Our Assets: Regional Hardware/Networking Assets

Children’s Mercy Hospitals

The Core of Genetic Research, directed by Dr. Shui Qing Ye, is equipped with a compute cluster (Advanced Computer Clustering, Inc., Kansas City, KS).  There is one head node with six compute nodes installed in a dedicated rack with room for several more nodes. It comprises a 96-core cluster with 384GB of DDR3 RAM and 48TB SATA hard drives (6 x dual 8-core Intel Xeon E5-2670 “Sandy Bridge” 2.6GHz processors), Quantum SuperLoader3 2U 16 tape library for backups. It is located within a dedicated data center with environmental controls, conditioned power, and hospital emergency back-up power. Deployed on the cluster are the latest versions of GATK, CASAVA, Bowtie, TopHat, Cufflinks, R with CummeRbund, Python with NumPy and SciPy, BreakDancer, Plink, and Haploview software applications.
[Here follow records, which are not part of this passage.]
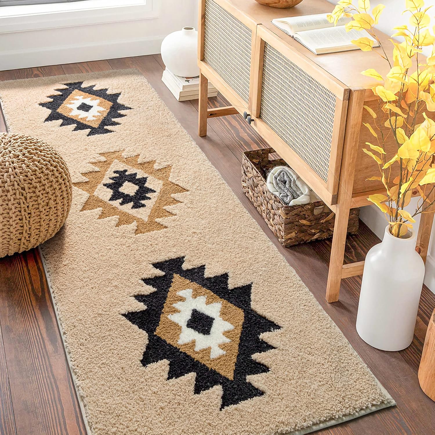 Classic Neutral Rug: The classic mid-century modern geometric pattern gives this non-slip hallway runner rug a minimalist feel that will beautifully decorate the space of your home, add natural vibrancy to your room
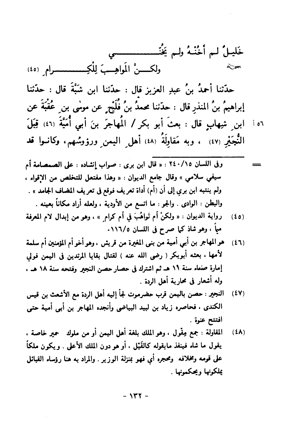 حدثنا أحمد بن عبد العزيز قال: حدثنا ابن شبة قال: حدثنا إبراهيم بن المنذر قال: حدثنا محمد بن فليحٍ عن موسى بن عقبة عن ابن شهابٍ قال: بعث أبو بكر/ المهاجر بن أبي أمية قبل النجير، وبه مقاولة أهل اليمن ورؤوسهم، وكانوا قد
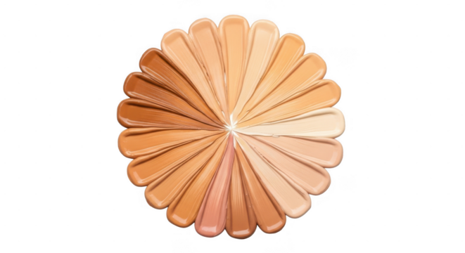 Assorted makeup foundation shades arranged in a circular pattern isolated on transparent background
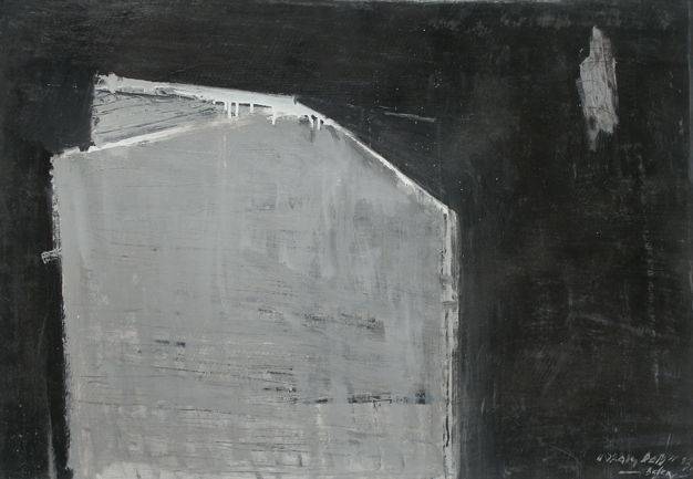 Na obrazie dominuje surowa paleta szarości i czerni, które budują prostą, ale intrygującą kompozycję. W centrum znajduje się duża, szara bryła z wyraźnymi, geometrycznymi krawędziami, jakby niedokończony szkic budowli. Te ciemniejsze plamy i smugi farby dodają głębi i tekstury, tworząc efekt tajemniczości. Atmosfera jest nieco melancholijna, jakby wszystko spowite było ciszą. To trochę jak scena z filmu noir, pełna napięcia i niedopowiedzeń. Artysta wykorzystuje technikę grubych pociągnięć pędzla, które nadają całej pracy surowy, niemal industrialny charakter. Można poczuć się jak w innej rzeczywistości, gdzie wszystko jest prostsze, a może trochę smutniejsze. "Patrz, to wygląda jak góra!" – zawołałby mały odkrywca patrząc na obraz. Ten minimalistyczny styl sprawia, że człowiek zaczyna się zastanawiać, co tak naprawdę jest ważne. Płótno przyciąga wzrok i zaprasza do snucia własnych interpretacji; może to zapomniane wspomnienie, a może zwykły kawałek betonu. Tak czy inaczej, jest w tym wszystkim coś deeply moving, co sprawia, że chce się myśleć więcej, odczuwać więcej. To dzieło może wywołać refleksję o prostocie życia i pięknie ukrytym w codziennych elementach.
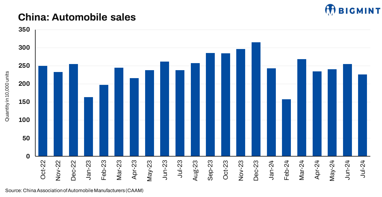 Chinese automobile sales in Jul’24 fell by 11.4% m-o-m to 2.262 million units as against 2.552 million units in Jun’24, as per data from the China Association of Automobile Manufacturers (CAAM). In addition, sales volumes saw a decline of 5.2% y-o-y. However, auto production and sales in Jan-Jul’24 increased by 3.4% and 4.4% y-o-y to 16.179 and 16.31 million units, respectively.
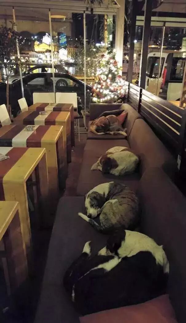 11、这家咖啡店每天晚上打烊以后,都让流浪狗进屋睡觉。
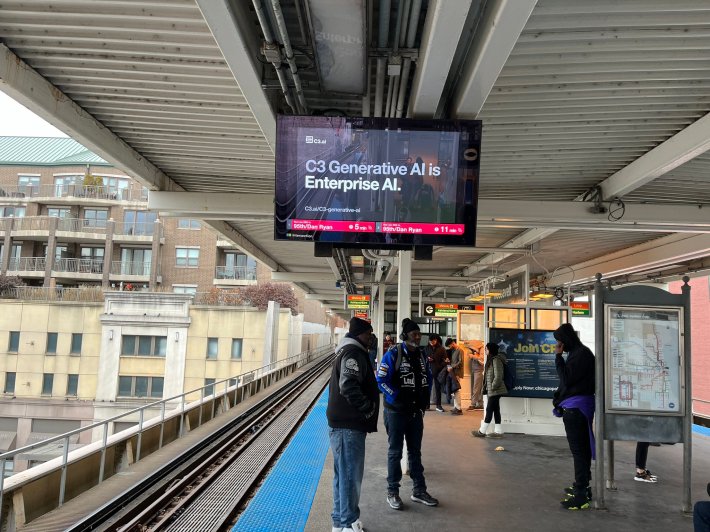 Unfortunately, due to “police activity” in the downtown subway this morning, they made us wait on the train for a while at the Harrison station. Eventually we were told the line was being rerouted to the downtown elevated tracks, so I rode a few blocks to the Roosevelt station and caught a Red Line train redirected from the subway.
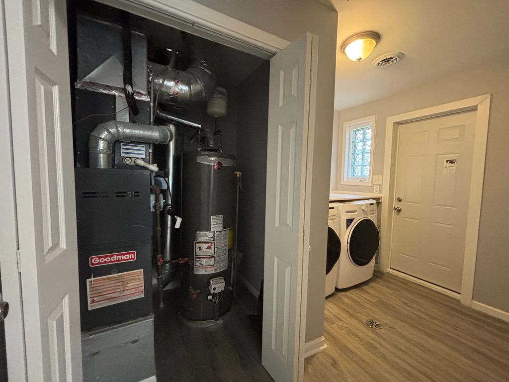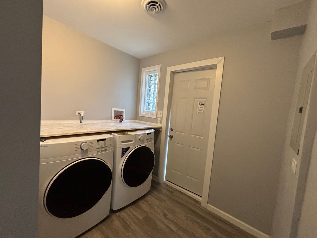 Completely Rehabbed!! Welcome to this beautifully updated and move-in ready home offering the perfect blend of comfort and modern finishes! This charming 2-bedroom, 1-bath property features an open-concept living and dining area, highlighted by laminated hardwood flooring that flows seamlessly throughout the main living spaces. The updated kitchen showcases crisp white cabinetry and comes fully equipped with brand-new appliances, including a range, refrigerator, dishwasher, and microwave-perfect for everyday living and entertaining. A dedicated laundry area with washer, dryer, and built-in counter space adds both convenience and functionality. Enjoy peace of mind with major updates already completed, including new electrical, plumbing, windows, roof, furnace, and water heater. The bathroom has been beautifully finished with classic white subway tile, offering a clean and timeless look. Step outside to a spacious, fully fenced yard (60 x 120), ideal for gatherings, pets, or future outdoor projects. The brick and siding exterior adds durability and curb appeal. Perfect for first-time buyers or anyone looking for a turnkey home-there's truly nothing to do but move in and enjoy!
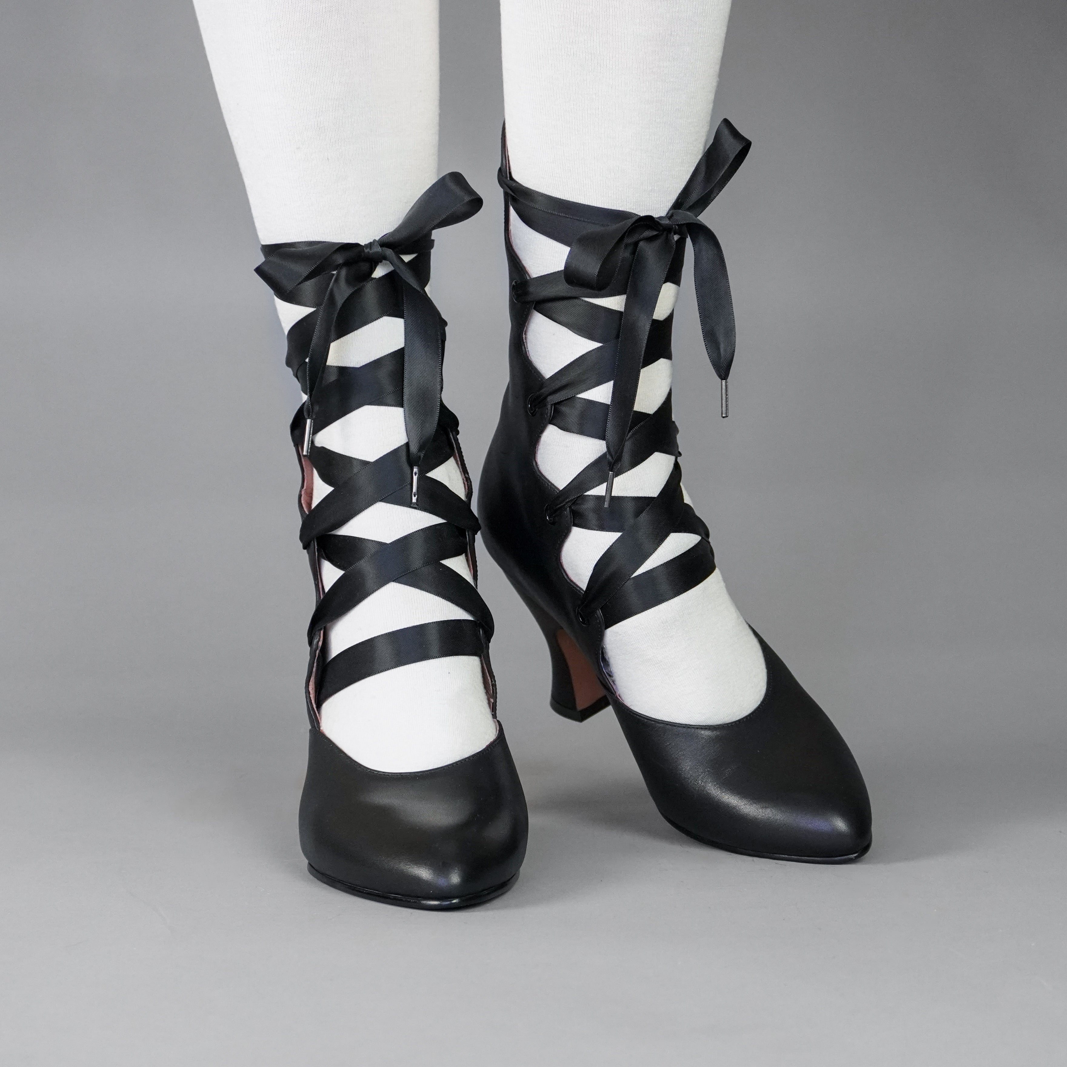 Tango Edwardian Boots are just as seductive as the Tango dance craze that swept the world in the 1910s. Designed to show off the legs, these gorgeous lace-up boots are based on several antique examples from 1900 through 1920. Tango features a deliciously curved shaft and scalloped tabs, which are laced with double-faced satin ribbon laces. Tango comes with two sets of ribbon laces, for adjustable sizing. Smooth leather uppers are stunning in a variety of beautiful colors. Tango sports a brand-new, custom 3.5 inch/ 8.9 cm French heel- our highest heel yet! Tango's heel is just as curvy and sumptuous as it is well-balanced, so you can dance the night away.
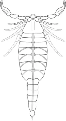 Il se singularise parmi les scorpions primitifs par ses 7 sternites, alors que les autres genres de scorpions fossiles montrent une évolution durant l'intervalle Silurien - Carbonifère inférieur, vers 6 segments pour Eramoscorpius et Proscorpius du Silurien, puis seulement 5 segments pour Waeringoscorpio et Pulmonoscorpius du Dévonien et du début du Carbonifère[1].
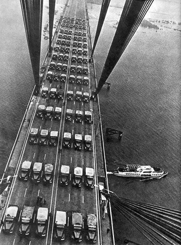 Испытания на прочность Московского моста перед вводом в эксплуатацию. Киев, 1976 год.
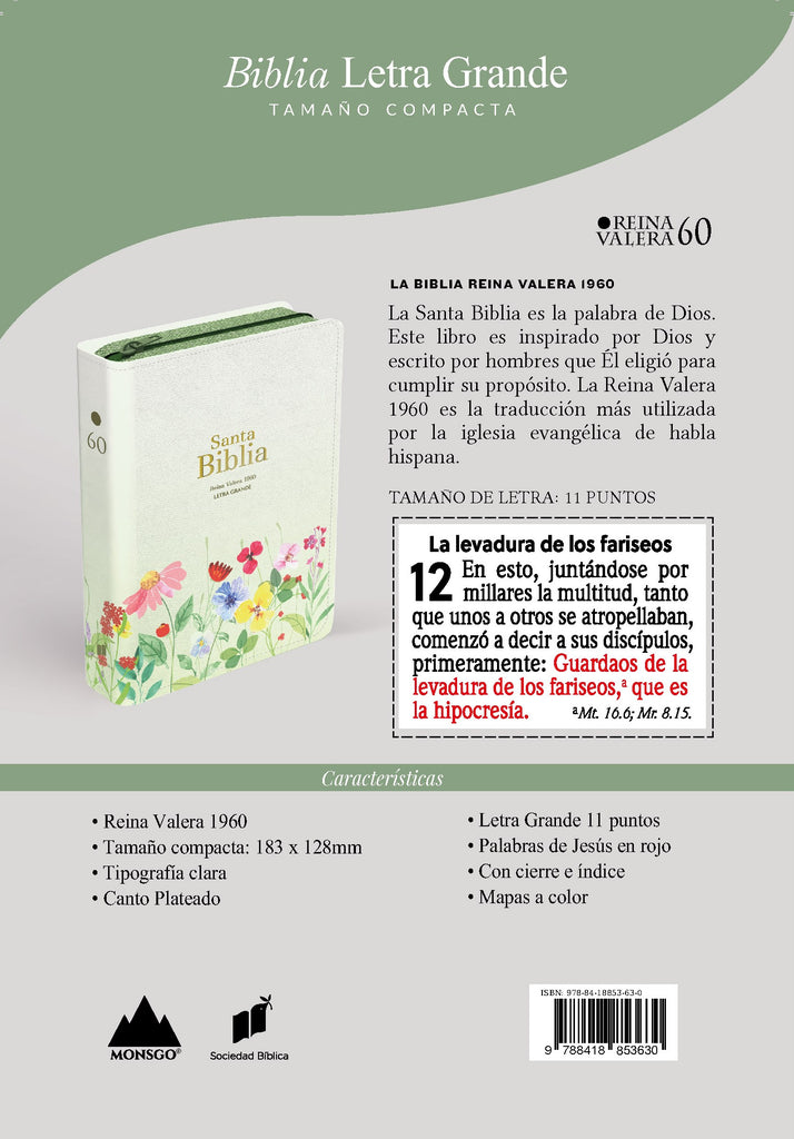 Biblia RVR 1960 Compacta Letra Grande 11 puntos Símil Piel Verde Claro Flores con Cierre y Índice

Center for Pediatric Genomic Medicine, directed by Neil Miller, has five full time bioinformatics/IT staff.  The Center’s compute resources are located within a dedicated data center with environmental controls, 15 tons of air conditioning, conditioned power, hospital emergency back-up power and 45kVa UPS capability. The compute resources comprise a 608-core Linux compute cluster with 6TB of DDR3 RAM and 20TB SATA hard drives (20 x 12-core Intel Xeon X5670, 8 x 16-core Intel Xeon E5-2650 and 12 x 20-core Intel Xeon E5-2660 ), redundant head nodes (12-core Intel Xeon X5670 with 48GB RAM and 500GB SATA drive), a pipeline server (12-core Intel Xeon X5670 with 96GB RAM and 1TB SATA hard drive), Isilon X400 storage system with 810TB usable capacity, SGI Infinite Storage Gateway disaster recovery and backup appliance with 160TB usable capacity, Spectra Logic T950 tape library with 2.4PB uncompressed usable capacity, redundant web servers (12-core Intel Xeon X5670 with 48GB RAM and 500GB SATA drive), and database server (12-core Intel Xeon X5670 with 96GB RAM and 16TB SATA drives) on which are deployed the LIMS, GATK, GSNAP, CASAVA, SSAGA, CMH variant warehouse, RUNES and VIKING software systems. The data center is adjacent to the room housing the DNA sequencers, which also features environmental controls to maintain ambient temperature at 65 degrees C, conditioned power, hospital emergency back-up power and substantial UPS capability.

Kansas State University

Beocat/Institute for Computational Research in Engineering and Science
Daniel Andresen, dan@ksu.edu, 785‐532‐7914
http://www.beocat.cis.ksu.edu

One of the largest academic research clusters in Kansas, Beocat consists of approximately 2PB of storage and ~3100 processor cores on machines ranging from dual‐processor Xeons with 128GB RAM to six 80‐core Xeons with 1TB RAM connected by 40Gbps QDR Infiniband. Beocat acts as the central computing resource for multiple departments across campus, and heavy users can “buy in” through adding computational or personnel resources for the cluster. Any researcher in the state of Kansas can access Beocat for free.

KSU Bioinformatics Center
Sue Brown, Sjbrown@ksu.edu, 785‐532‐3935
http://bioinformatics.k‐state.edu

Provides training and support for genomics, transcriptomics, and NGS approaches to address biological questions. As the US‐certified service center for BioNano Genomics, we produce genome physical maps based on imaging of ultra‐long DNA molecules.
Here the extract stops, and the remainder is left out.